- Exercise directions
Would it be possible to copy exactly the lines from the one containing "Jeg sælger denne" to the end of the entries, including both and nothing else?

(Records from a data collection)
# # #

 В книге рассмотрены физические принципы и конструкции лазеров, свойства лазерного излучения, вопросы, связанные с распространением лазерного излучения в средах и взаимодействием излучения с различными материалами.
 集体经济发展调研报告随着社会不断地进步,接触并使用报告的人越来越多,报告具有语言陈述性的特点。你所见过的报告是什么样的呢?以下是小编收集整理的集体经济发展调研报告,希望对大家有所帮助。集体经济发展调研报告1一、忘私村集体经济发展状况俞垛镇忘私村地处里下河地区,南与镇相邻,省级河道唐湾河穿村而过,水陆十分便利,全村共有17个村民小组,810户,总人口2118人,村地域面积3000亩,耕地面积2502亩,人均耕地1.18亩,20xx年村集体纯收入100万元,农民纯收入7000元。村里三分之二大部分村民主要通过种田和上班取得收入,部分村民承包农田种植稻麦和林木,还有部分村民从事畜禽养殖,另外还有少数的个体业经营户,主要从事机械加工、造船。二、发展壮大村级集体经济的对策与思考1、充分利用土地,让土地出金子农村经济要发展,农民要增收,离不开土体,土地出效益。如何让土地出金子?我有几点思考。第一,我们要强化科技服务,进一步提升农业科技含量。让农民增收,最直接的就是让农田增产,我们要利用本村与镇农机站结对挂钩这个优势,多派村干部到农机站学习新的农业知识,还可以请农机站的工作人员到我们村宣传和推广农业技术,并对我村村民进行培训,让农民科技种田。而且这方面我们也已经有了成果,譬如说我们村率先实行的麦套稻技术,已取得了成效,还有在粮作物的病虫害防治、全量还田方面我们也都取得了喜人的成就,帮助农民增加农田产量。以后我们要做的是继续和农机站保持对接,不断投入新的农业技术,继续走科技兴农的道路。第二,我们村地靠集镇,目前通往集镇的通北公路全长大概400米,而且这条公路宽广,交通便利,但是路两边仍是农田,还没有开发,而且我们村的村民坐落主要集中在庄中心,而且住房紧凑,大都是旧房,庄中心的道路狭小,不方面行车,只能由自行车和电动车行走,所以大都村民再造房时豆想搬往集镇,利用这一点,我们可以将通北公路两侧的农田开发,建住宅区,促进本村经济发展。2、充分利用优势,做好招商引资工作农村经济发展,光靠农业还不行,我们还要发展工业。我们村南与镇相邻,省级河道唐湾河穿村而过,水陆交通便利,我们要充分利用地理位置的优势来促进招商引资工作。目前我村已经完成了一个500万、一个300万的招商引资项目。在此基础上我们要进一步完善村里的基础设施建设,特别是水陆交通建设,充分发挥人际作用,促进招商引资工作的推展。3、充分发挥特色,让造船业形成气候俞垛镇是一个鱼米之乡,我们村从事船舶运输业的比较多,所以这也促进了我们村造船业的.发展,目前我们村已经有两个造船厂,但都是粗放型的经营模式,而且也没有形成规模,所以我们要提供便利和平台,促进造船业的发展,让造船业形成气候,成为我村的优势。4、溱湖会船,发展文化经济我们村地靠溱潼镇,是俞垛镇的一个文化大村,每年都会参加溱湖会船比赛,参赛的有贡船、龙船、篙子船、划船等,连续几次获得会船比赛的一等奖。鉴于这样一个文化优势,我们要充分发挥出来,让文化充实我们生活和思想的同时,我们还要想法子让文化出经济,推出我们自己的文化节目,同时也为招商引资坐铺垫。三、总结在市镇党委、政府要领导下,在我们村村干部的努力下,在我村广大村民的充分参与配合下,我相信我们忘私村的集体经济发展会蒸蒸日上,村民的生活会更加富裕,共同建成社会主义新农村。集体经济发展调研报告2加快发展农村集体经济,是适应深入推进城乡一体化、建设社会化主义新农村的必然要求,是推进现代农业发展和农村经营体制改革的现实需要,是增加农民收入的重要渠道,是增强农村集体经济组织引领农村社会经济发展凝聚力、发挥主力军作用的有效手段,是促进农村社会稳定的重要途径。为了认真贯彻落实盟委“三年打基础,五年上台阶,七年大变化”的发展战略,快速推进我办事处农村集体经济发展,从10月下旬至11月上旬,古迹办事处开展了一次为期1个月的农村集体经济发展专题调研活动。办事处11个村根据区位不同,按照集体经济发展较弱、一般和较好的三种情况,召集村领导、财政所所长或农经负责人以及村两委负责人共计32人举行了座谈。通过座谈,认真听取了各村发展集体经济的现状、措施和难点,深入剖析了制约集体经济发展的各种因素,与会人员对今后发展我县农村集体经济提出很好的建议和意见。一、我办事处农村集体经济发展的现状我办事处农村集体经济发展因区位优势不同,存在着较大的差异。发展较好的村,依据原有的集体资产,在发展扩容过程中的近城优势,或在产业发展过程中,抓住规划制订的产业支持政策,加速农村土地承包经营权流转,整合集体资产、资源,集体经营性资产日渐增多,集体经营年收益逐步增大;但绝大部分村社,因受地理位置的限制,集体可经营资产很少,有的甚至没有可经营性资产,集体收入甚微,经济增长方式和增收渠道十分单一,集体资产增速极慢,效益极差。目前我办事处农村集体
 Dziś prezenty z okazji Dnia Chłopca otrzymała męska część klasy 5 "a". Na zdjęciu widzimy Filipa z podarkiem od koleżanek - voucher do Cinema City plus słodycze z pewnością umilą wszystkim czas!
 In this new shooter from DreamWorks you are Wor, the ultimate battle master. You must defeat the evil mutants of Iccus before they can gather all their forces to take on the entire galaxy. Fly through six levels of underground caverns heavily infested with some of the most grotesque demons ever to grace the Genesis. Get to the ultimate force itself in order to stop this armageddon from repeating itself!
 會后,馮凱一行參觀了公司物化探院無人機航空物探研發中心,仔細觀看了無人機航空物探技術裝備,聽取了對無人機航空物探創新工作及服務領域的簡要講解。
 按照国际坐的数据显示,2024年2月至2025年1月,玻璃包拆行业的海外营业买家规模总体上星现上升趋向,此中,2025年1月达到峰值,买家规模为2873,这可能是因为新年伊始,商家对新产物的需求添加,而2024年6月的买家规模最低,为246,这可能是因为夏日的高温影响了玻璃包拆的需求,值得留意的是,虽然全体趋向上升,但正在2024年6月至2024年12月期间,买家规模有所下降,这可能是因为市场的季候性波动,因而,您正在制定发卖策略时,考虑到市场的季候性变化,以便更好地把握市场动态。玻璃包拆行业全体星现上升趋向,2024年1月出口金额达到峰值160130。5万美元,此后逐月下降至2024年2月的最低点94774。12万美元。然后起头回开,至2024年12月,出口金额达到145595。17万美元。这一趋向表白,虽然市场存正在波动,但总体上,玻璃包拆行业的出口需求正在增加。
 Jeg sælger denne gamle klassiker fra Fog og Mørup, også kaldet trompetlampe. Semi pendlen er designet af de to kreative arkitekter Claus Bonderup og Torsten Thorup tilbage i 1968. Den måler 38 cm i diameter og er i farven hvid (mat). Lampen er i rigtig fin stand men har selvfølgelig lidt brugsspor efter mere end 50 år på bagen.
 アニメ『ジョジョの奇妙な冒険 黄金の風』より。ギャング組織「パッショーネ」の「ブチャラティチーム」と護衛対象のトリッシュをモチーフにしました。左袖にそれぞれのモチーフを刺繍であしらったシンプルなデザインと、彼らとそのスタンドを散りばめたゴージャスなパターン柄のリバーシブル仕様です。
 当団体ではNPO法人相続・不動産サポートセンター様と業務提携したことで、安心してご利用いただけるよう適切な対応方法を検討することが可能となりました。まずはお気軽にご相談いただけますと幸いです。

# # #

- Answer to the problem
 Jeg sælger denne gamle klassiker fra Fog og Mørup, også kaldet trompetlampe. Semi pendlen er designet af de to kreative arkitekter Claus Bonderup og Torsten Thorup tilbage i 1968. Den måler 38 cm i diameter og er i farven hvid (mat). Lampen er i rigtig fin stand men har selvfølgelig lidt brugsspor efter mere end 50 år på bagen.
 アニメ『ジョジョの奇妙な冒険 黄金の風』より。ギャング組織「パッショーネ」の「ブチャラティチーム」と護衛対象のトリッシュをモチーフにしました。左袖にそれぞれのモチーフを刺繍であしらったシンプルなデザインと、彼らとそのスタンドを散りばめたゴージャスなパターン柄のリバーシブル仕様です。
 当団体ではNPO法人相続・不動産サポートセンター様と業務提携したことで、安心してご利用いただけるよう適切な対応方法を検討することが可能となりました。まずはお気軽にご相談いただけますと幸いです。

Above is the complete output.